Kabarettistische Entspannungsübungen: Rether lässt sich nicht aus der Ruhe bringen

Schleichend kommt Rether von „Warum machen wir das?“ zur nächsten Frage: „Wollen wir das nicht mal anders haben?“ Schwierig in einer Welt, die ihre Kinder mit Helden wie dem gezeichneten Hooligan Obelix, dem tatsächlichen Schlächter Kolumbus und James Bond, dem pädagogischen Flügel der NATO, großzieht. Oder, klassisch doch immer noch befremdlich: Kaiser Wilhelm, an den auch in Essen eine Statue erinnert. „Dieser riesige Bronze-Soziopath“, sagt Rether, sprüht wieder etwas Reinigungsspray auf seinen Flügel und poliert. Denn obgleich jede Minute dieses Abends tiefer in die Wirrnisse unserer Welt führt, lässt sich Rether nicht die Ruhe nehmen.
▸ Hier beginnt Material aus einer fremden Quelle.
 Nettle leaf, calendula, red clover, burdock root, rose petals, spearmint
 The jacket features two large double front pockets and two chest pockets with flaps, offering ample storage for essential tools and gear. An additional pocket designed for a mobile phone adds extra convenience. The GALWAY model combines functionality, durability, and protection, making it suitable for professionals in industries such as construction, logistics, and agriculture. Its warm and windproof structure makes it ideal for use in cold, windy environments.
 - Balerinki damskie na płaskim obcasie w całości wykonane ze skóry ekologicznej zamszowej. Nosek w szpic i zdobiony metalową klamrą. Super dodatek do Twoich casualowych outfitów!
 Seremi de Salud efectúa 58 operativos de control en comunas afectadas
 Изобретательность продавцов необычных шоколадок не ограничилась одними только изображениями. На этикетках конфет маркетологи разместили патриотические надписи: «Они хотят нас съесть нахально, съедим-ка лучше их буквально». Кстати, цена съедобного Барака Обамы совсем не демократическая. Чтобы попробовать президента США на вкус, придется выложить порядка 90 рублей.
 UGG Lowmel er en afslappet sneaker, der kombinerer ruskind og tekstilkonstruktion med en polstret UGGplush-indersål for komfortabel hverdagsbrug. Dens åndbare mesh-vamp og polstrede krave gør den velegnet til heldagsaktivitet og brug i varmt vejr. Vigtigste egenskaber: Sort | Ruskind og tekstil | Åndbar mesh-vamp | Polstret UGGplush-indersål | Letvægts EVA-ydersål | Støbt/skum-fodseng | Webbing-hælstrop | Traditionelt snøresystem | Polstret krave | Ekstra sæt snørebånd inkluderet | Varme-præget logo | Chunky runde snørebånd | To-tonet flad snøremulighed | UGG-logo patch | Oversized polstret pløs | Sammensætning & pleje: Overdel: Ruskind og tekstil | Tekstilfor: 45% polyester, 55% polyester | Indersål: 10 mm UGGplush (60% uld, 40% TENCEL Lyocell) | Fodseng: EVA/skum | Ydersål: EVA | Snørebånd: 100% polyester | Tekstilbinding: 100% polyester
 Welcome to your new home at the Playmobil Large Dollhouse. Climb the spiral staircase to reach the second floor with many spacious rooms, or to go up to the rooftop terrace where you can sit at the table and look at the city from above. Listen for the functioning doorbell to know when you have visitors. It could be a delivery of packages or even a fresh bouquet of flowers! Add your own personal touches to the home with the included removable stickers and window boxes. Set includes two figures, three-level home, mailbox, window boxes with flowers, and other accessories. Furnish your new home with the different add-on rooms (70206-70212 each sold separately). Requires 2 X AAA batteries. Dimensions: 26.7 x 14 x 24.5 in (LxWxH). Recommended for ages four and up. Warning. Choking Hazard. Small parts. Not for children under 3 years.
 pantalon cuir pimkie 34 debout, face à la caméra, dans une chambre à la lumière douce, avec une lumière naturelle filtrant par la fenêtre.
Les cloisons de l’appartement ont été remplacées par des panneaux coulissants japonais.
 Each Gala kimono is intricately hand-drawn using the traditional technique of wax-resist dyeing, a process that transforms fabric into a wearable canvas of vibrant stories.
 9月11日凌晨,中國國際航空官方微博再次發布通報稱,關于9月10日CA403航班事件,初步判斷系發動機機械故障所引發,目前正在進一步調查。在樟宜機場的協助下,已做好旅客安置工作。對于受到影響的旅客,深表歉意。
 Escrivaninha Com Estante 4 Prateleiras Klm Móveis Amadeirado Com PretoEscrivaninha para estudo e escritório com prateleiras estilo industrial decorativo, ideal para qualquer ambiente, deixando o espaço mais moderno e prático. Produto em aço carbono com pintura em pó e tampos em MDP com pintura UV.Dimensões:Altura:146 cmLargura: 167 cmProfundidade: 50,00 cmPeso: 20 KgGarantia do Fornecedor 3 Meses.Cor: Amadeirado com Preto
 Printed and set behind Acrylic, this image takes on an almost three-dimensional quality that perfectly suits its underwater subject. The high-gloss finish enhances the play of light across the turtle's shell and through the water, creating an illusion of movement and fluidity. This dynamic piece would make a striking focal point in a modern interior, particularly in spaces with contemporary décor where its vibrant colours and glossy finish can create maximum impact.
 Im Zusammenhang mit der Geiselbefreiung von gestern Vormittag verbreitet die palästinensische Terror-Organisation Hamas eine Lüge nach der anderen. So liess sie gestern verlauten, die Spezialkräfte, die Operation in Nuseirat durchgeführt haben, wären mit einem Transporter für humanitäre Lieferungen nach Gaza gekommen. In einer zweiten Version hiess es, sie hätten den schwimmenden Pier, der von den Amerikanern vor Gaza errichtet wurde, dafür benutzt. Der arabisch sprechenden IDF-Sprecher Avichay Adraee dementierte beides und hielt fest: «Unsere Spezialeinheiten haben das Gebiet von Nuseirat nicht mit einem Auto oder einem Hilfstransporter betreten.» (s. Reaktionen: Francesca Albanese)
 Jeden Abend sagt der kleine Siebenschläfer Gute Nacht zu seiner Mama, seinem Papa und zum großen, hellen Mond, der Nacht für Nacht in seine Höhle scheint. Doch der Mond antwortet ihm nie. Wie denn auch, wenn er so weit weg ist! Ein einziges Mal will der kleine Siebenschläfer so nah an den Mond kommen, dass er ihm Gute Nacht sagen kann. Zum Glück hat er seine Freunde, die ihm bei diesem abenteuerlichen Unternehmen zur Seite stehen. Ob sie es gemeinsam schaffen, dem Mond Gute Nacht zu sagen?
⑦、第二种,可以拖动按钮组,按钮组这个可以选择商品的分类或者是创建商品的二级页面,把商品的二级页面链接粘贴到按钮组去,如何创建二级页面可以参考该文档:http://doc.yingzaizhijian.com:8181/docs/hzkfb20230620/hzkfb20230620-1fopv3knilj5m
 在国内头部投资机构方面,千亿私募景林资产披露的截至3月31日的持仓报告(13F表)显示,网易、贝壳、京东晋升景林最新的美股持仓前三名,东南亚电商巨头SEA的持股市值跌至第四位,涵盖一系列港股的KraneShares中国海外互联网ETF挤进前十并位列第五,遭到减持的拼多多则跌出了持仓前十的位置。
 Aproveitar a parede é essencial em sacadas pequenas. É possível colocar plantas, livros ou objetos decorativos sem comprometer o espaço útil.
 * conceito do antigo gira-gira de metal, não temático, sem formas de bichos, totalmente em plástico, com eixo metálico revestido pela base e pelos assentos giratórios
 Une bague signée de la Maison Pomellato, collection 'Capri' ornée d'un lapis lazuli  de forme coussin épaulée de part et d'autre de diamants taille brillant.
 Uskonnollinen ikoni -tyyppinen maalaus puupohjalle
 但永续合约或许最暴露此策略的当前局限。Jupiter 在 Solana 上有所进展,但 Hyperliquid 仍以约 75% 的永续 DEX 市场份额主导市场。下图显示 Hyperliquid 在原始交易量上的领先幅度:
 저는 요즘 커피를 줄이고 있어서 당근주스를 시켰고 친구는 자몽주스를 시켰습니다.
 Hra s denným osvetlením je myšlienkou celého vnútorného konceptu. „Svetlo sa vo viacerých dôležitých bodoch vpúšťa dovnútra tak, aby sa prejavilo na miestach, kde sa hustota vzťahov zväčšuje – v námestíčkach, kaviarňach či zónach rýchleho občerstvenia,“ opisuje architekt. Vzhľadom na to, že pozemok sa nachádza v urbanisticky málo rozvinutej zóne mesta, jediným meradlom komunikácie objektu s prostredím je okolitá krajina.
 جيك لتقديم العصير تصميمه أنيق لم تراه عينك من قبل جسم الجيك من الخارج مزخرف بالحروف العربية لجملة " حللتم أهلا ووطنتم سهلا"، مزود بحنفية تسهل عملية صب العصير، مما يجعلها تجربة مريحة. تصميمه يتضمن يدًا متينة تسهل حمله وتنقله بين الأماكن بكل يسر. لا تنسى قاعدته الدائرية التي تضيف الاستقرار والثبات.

Für eine überspannte, hysterische Gesellschaft ist ein Kabarettabend beim Essener autogenes Training. Vielleicht auch etwas Psychoanalyse, sicher etwas Wittgenstein'sche Sprachtherapie, die unsere Sprache von unsinnigen Sätzen reinigt. Aber auf keinen Fall Ablasshandel – da traut der Künstler seinem Publikum etwas mehr zu.